Он уже не шутил, когда посмотрел снимок, только белые брови высоко поднялись на казавшемся маленьким под шлемом лице.

– Ну да, но это абсурд – или наши прикончат, или немцы, – в конце концов сказал он.

Олек посмотрел ему в глаза. Тот как бы устыдился – к счастью, опять прибежали курьеры. Поручик записал в блокнот приказы, потом выскочил из временного убежища, и через минуту стал слышен шум приближавшейся немецкой пехоты. За окном послышался топот сапог – пробежал какой-то солдат, – и наступила тишина. Поручик вернулся через минуту, испачканный грязью, посмотрел на Олека: «Ага, ты еще здесь», – и пожал плечами.

Однако столько странного всего происходило, что когда Олек, бормоча какие-то слова благодарности, оказался на улице между двумя солдатами, то вовсе не удивился. У себя в руках он обнаружил две коробки с пулеметными лентами, а некий Франек дал ему толстую самокрутку – нужно было воевать.

Стены начали крошиться от попадания одиночных пуль. Они провели эту ночь в поспешно вырытом окопе за грудами мусора среди отдельных домиков, планомерно разбиваемых немецким заградительным огнем. Тучи расступились: начинался рассвет, грязный, желтоватый и вымученный, словно после бессонницы, будто он целую ночь ждал этого момента. Пули били из ниоткуда, было видно только каменную грудь мостовой, вымершие улицы, согнутый фонарный столб, пустой бункер, похожий на выпуклую стену, с амбразурой – и ничего больше. Олек сжимал в ладонях тяжелые коробки с лентами, распластавшись за бетонной канализационной трубой, а сзади подбегали солдаты с автоматами. Потом раздался крик, перекрестный огонь с обеих сторон образовал над их головами густую сетку, и Олек вскочил со всеми и побежал.

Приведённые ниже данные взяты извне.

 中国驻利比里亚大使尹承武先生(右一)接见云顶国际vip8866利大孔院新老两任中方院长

Пустые улицы незнакомого города. За углом раздался треск автомата, рядом захрустело стекло под подошвами, а чуть подальше медленно поднимались клубы дыма. Вдали пылали портовые склады. Бой, наблюдаемый вблизи, представлялся чередой четких, мгновенных картинок. Когда они прошли по какой-то длинной, слабо защищаемой улице, неожиданно – сбоку – до них донесся звук приближающегося железного потока. Все упали. Тут же бессильно отозвался яростный грохот автоматов. Две тени выскочили сбоку, неся как бревно длинное и тонкое ружье – противотанковое. И тут же из-за угла выползла высокая и массивная «пантера». В панцире из серого ободранного асбеста она выглядела как обросший мамонт. Гротескно тонкое и длинное дуло пушки танка покачивалось, когда стальной гад переползал через тротуар и приближался. За ним был слышен лязг гусениц второго.

– Пся крев! – У стрелка противотанкового ружья было только два заряда.

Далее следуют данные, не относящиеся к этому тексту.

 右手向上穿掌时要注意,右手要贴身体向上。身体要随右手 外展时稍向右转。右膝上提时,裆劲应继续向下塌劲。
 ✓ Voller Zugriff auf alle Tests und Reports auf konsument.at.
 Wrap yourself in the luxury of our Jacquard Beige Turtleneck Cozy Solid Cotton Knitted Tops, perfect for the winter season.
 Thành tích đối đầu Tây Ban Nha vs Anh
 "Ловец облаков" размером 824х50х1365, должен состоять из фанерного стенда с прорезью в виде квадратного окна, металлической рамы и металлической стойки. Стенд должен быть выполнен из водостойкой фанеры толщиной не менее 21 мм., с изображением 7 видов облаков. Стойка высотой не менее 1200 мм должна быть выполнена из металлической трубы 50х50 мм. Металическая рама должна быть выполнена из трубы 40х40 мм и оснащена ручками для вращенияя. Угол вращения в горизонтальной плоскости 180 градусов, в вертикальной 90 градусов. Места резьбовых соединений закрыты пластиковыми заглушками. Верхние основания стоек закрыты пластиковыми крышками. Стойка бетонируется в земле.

Товарищи Олека, залегшие под стенами, упали за камни, когда первые очереди пулеметного огня полились из башни танка. Улица стихла на минуту, и этот момент крайнего напряжения навсегда остался в памяти Олека: тут же впереди над домами появились дымные хвосты ракет. Потом одна красная загорелась вверху. В воздухе послышалось звонкое зудение: летит тройка самолетов. Далеко и высоко. Олек присмотрелся: высокий звук переходит в пение, в грохот, вытье, рев. Самолет, волоча за собой легкую тень, на огромной скорости проносится над морем каменных домов. Рев двигателя даже вызывает боль в ушах. И вдруг все затряслось от мощных и частых взрывов – раз, и второй, и пятый, и вот уже далекое, поднебесное пение, а также напряженный шум удаляются.

Уже приближается второй самолет, когда за первым, как бы удерживаемый невидимым ремнем карусели, закрывается сияющий люк. Падает, как черная молния, и опять раздаются сильные, частые выстрелы. Мозг начинает работать: «Ага, это он из бортового орудия стреляет. Наверное, в “пантеру”».

И в этот момент раздается крик. Страшный человеческий крик. Олек, который до этой минуты лежал как мертвый за кучей какой-то рухляди, остатков незаконченной баррикады, теперь поднимает голову.

На углу улицы стоит «пантера» и горит. Из передней ее части клубами валит черный тяжелый дым. И кто-то кричит, кто-то открыл малый люк, откуда валит этот черный дым, без огня, только дым и дым. Черный как смола, он низко стелется. Олек забывает, что там немцы. Сукин сын, почему он не откроет главный люк? Ему кажется, что он сам сидит в закрытом стальном ящике, а огонь горит, печет, пламенем обвивает тело, разъедает лицо, мясо сочится кровью, кипит пеной и отделяется от костей… Ах…

Пролетает последний самолет. Пилот наверняка видит высокий столб дыма и поэтому не стреляет. «Пантера» ползет медленно-медленно. Освобожденная от власти человека, она лезет и лезет вперед. Стукнулась плоско срезанным, тупым передом о стену каменного откоса и остановилась. Стена немного раскрошилась, гусеницы вращаются еще минуту – и останавливаются.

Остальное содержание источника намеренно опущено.